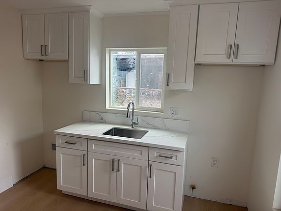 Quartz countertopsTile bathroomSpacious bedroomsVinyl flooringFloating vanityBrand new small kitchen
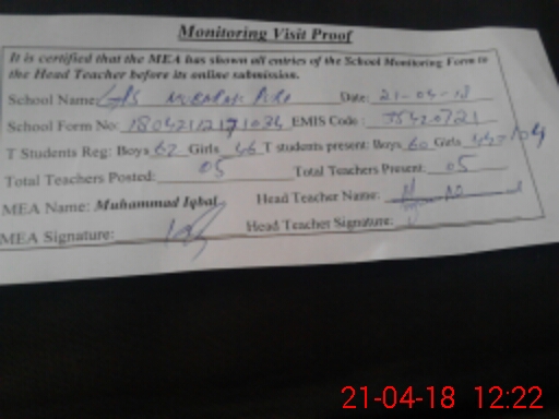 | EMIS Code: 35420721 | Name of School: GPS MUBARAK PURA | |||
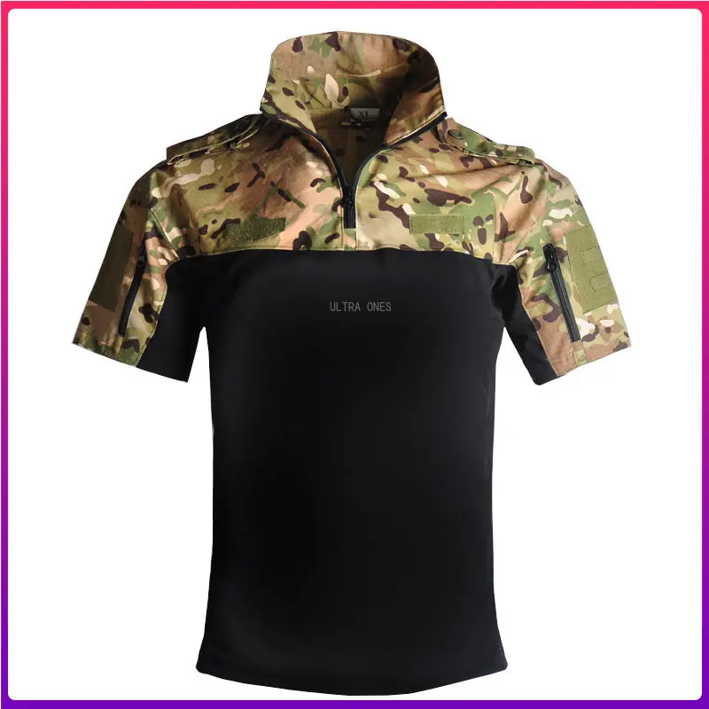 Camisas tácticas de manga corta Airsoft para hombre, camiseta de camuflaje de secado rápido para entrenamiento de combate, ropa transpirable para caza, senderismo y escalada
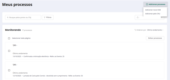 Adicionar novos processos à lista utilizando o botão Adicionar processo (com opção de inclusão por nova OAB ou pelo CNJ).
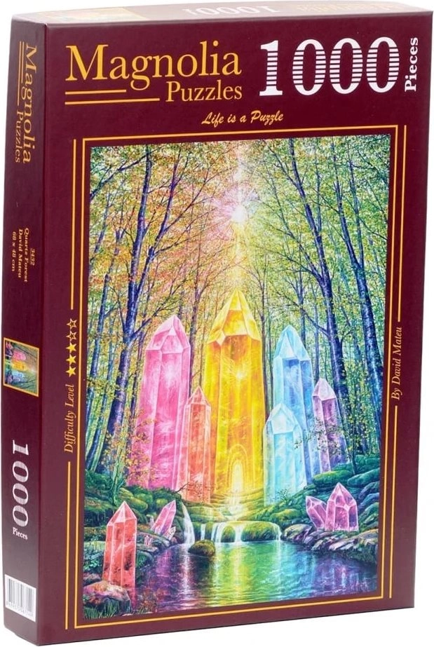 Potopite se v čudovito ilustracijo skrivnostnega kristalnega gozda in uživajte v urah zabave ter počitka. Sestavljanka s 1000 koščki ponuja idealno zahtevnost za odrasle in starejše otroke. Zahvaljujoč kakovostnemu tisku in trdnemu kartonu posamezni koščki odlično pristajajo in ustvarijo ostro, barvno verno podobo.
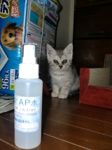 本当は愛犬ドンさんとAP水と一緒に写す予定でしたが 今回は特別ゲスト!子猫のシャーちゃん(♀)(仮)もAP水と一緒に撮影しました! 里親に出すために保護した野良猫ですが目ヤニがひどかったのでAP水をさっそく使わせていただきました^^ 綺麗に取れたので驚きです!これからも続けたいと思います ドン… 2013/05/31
--
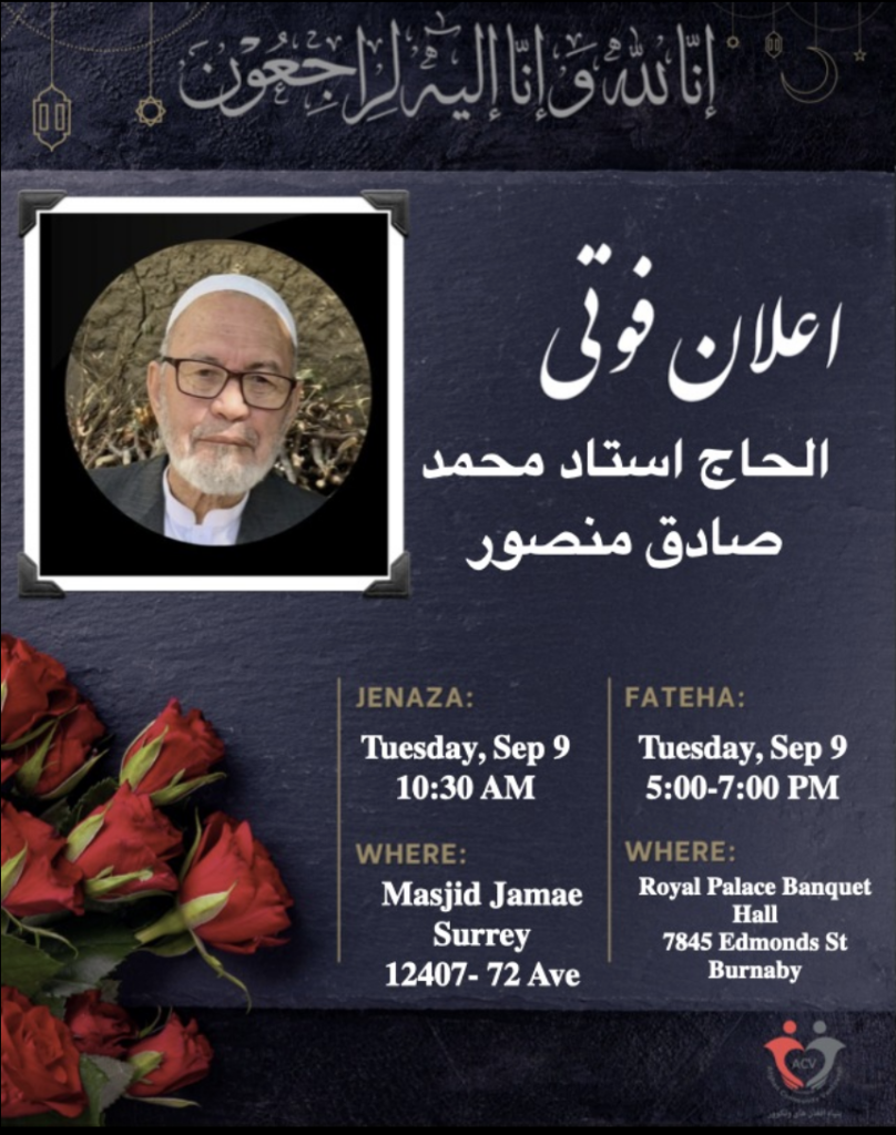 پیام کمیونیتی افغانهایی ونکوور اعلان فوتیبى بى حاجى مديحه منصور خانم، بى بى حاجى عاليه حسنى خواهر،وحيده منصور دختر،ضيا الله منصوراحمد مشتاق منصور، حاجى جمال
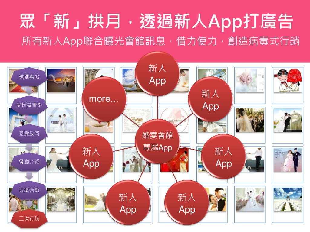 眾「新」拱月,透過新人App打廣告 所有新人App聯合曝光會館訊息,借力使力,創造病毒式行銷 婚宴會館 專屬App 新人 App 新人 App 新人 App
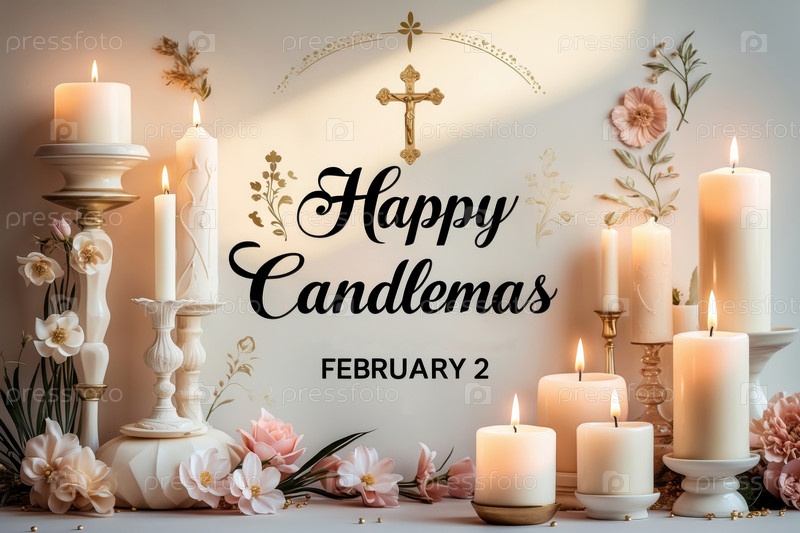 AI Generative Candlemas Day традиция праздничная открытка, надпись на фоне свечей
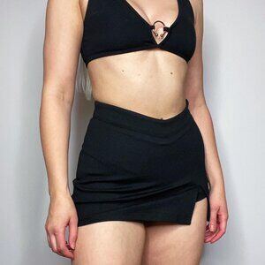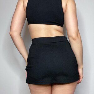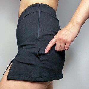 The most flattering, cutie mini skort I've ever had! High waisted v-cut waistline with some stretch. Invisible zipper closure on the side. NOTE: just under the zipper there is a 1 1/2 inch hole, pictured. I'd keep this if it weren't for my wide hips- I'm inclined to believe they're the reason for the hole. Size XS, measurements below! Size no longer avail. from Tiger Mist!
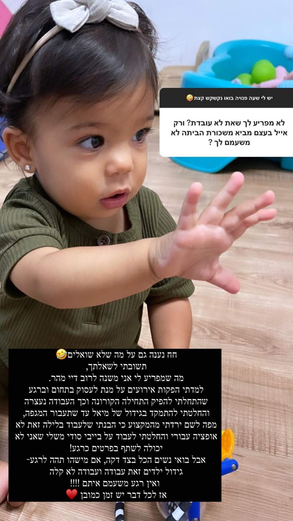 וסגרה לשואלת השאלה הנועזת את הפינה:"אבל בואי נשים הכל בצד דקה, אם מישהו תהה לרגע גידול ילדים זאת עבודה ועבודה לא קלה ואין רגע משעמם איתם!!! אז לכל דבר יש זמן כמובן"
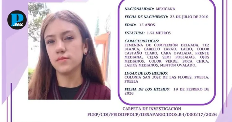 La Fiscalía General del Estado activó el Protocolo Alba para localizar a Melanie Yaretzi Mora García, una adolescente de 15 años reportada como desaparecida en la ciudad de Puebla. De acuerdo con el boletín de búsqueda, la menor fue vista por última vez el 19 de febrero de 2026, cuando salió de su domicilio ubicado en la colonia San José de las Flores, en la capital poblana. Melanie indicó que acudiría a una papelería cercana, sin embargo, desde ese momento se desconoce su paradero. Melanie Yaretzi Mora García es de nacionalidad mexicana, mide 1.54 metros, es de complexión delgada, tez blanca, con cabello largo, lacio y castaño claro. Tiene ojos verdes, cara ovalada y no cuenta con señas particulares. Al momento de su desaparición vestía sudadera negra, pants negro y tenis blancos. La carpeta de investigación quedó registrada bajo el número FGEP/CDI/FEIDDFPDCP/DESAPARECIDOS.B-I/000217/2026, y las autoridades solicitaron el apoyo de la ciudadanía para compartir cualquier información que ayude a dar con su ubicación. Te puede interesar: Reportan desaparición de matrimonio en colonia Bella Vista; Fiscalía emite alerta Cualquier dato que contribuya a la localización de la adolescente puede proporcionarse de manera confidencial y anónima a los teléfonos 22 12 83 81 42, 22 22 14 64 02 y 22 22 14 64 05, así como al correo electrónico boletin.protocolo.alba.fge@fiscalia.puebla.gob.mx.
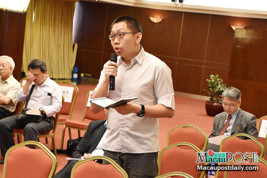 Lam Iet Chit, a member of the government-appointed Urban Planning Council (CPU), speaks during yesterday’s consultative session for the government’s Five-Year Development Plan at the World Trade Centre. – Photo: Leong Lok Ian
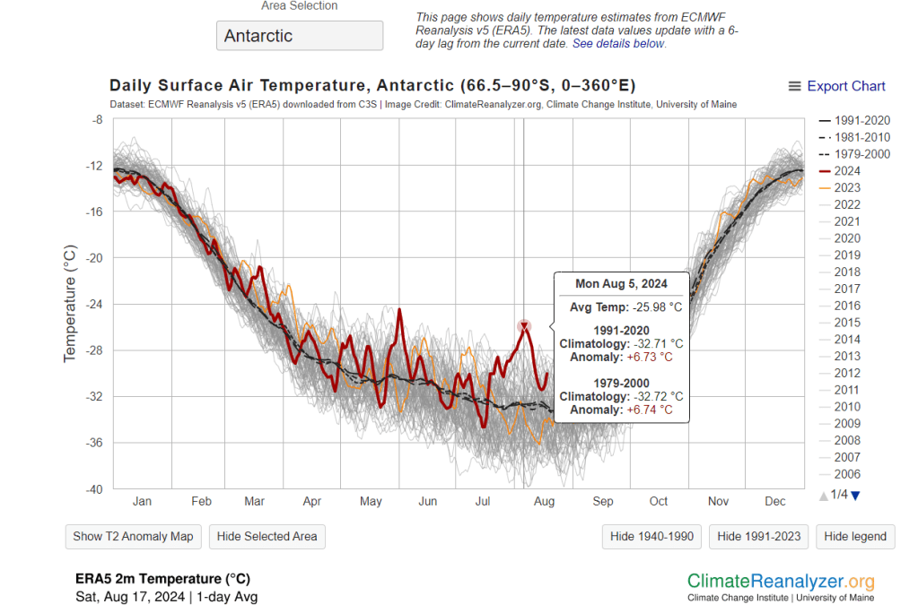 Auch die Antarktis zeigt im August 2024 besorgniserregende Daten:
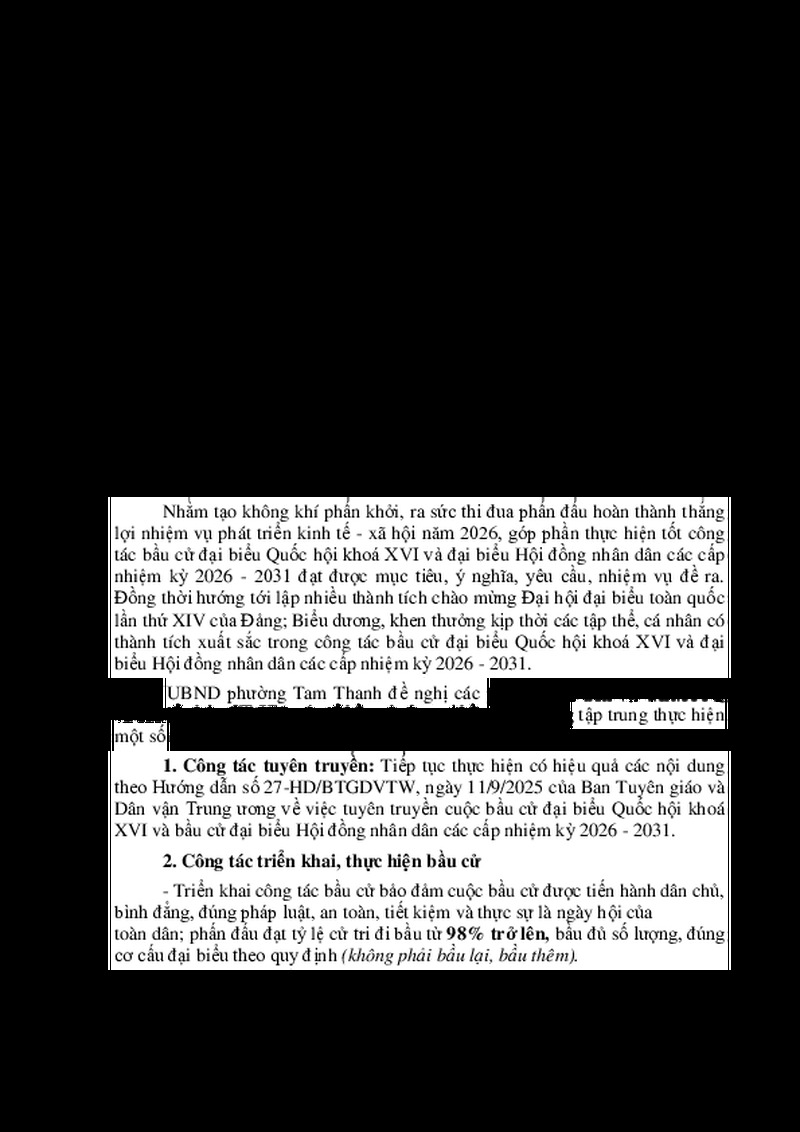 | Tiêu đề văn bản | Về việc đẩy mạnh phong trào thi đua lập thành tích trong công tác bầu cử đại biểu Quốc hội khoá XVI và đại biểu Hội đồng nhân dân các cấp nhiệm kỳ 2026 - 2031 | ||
--
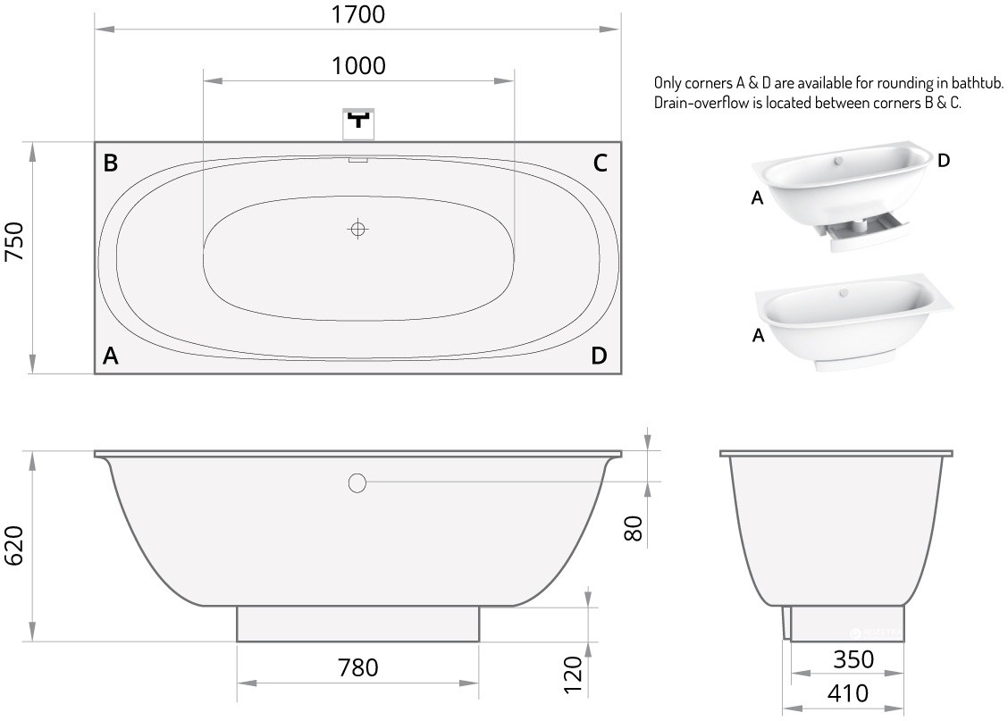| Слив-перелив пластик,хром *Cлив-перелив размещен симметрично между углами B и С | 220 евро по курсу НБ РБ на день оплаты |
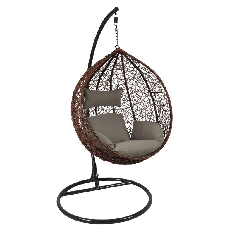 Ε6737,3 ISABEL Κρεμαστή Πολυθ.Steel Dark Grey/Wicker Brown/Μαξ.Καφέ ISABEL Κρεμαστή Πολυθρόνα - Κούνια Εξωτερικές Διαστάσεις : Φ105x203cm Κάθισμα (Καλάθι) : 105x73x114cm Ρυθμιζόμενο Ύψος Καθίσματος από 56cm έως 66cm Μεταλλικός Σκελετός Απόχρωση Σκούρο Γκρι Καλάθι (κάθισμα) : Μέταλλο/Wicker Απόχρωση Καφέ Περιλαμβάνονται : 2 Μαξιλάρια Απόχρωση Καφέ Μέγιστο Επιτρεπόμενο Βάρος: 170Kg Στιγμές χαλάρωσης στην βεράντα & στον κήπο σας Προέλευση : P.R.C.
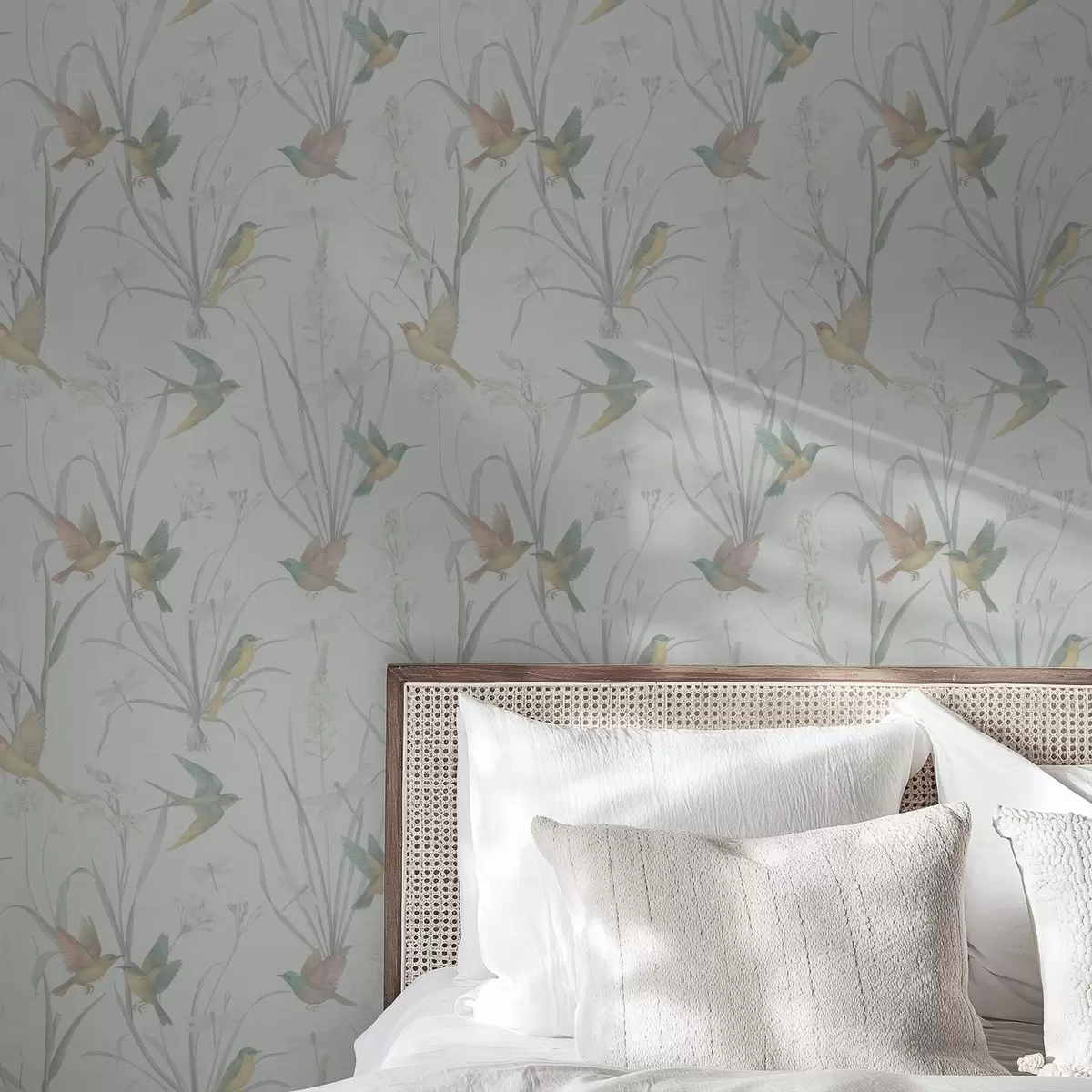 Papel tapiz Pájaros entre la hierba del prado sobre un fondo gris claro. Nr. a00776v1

Task item:
In the data above, start at the line holding "پیام کمیونیتی افغانهایی" and stop after the line holding "The most flattering, cutie"; write out those lines exactly, without pictures.

Completed task:
 پیام کمیونیتی افغانهایی ونکوور اعلان فوتیبى بى حاجى مديحه منصور خانم، بى بى حاجى عاليه حسنى خواهر،وحيده منصور دختر،ضيا الله منصوراحمد مشتاق منصور، حاجى جمال
 眾「新」拱月,透過新人App打廣告 所有新人App聯合曝光會館訊息,借力使力,創造病毒式行銷 婚宴會館 專屬App 新人 App 新人 App 新人 App
 AI Generative Candlemas Day традиция праздничная открытка, надпись на фоне свечей
 The most flattering, cutie mini skort I've ever had! High waisted v-cut waistline with some stretch. Invisible zipper closure on the side. NOTE: just under the zipper there is a 1 1/2 inch hole, pictured. I'd keep this if it weren't for my wide hips- I'm inclined to believe they're the reason for the hole. Size XS, measurements below! Size no longer avail. from Tiger Mist!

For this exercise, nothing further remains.